In due delle 15 barriere si denota la connotazione dei luoghi culturali come adatti o solo per adulti o solo per bambini impedendo la co-frequentazione di questi due cluster e penalizzando la dimensione familiare. Nei miei viaggi all’estero ed in uno dei piani strategici che sto coordinando per un museo di prossima apertura salteranno totalmente queste barriere rendendo lo spazio a misura di adulti e bambini pur nel rispetto delle differenti esigenze.

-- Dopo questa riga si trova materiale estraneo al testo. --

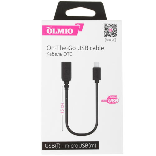 OTG-кабель Olmio – надежный аксессуар, позволяющий подключать к мобильному устройству периферийное оборудование и накопители памяти. Подключение клавиатуры или мыши позволит превратить смартфон в полноценное компьютерное устройство. Благодаря этому вы сможете набирать текст, используя смартфон и периферию.

Non ho volutamente includere come quinta barriera di ingresso il costo della cultura. In settimane in cui il dibattito sembra lobotomizzato su gratuità vs pagamento, i dati ci dicono che l’incidenza del costo del biglietto è minimale nei processi decisionali del visitatore (14° motivazione su 15). Paradossalmente è un incentivo maggiore per chi vuol ritornare più volte che non per il first time user come spesso viene addotto dai sostenitori della tesi della gratuità. Il problema non è il costo del biglietto in se quanto piuttosto la qualità dell’esperienza che si è in grado di offrire al visitatore. Una pessima esperienza di visita non porterà visitatori neanche se dovesse essere il museo a pagarli, così come una straordinaria esperienza di visita spingerà il visitatore a donare più del prezzo del biglietto imposto.
Personalmente non sono un estimatore di entrambe le strategie, tutto gratuito o tutto a pagamento, preferendo un modello duale in grado di far convivere nella medesima struttura aree e servizi ad accesso gratuito con altre a pagamento con scaglioni di prezzo diversificati (politiche di facilitazione per studenti, disoccupati e utenti al primo accesso). E’ il modello freemium, da anni diventato il principale nell’industria dalla quale provengo (n.b. i videogiochi) ed in altri ambiti economici. Il vantaggio di un sistema misto è quello di abbattere ogni possibile attrito economico consentendo l’accesso ad una parte allestitiva, spesso quella fissa e più lunga da esplorare, a titolo puramente gratuito per poi stimolarlo a visitare, a pagamento, le mostre temporanee presenti che invece avranno una bigliettazione specifica.
Nelle prossime settimane seguiranno ulteriori analisi qualitative dei pubblici culturali!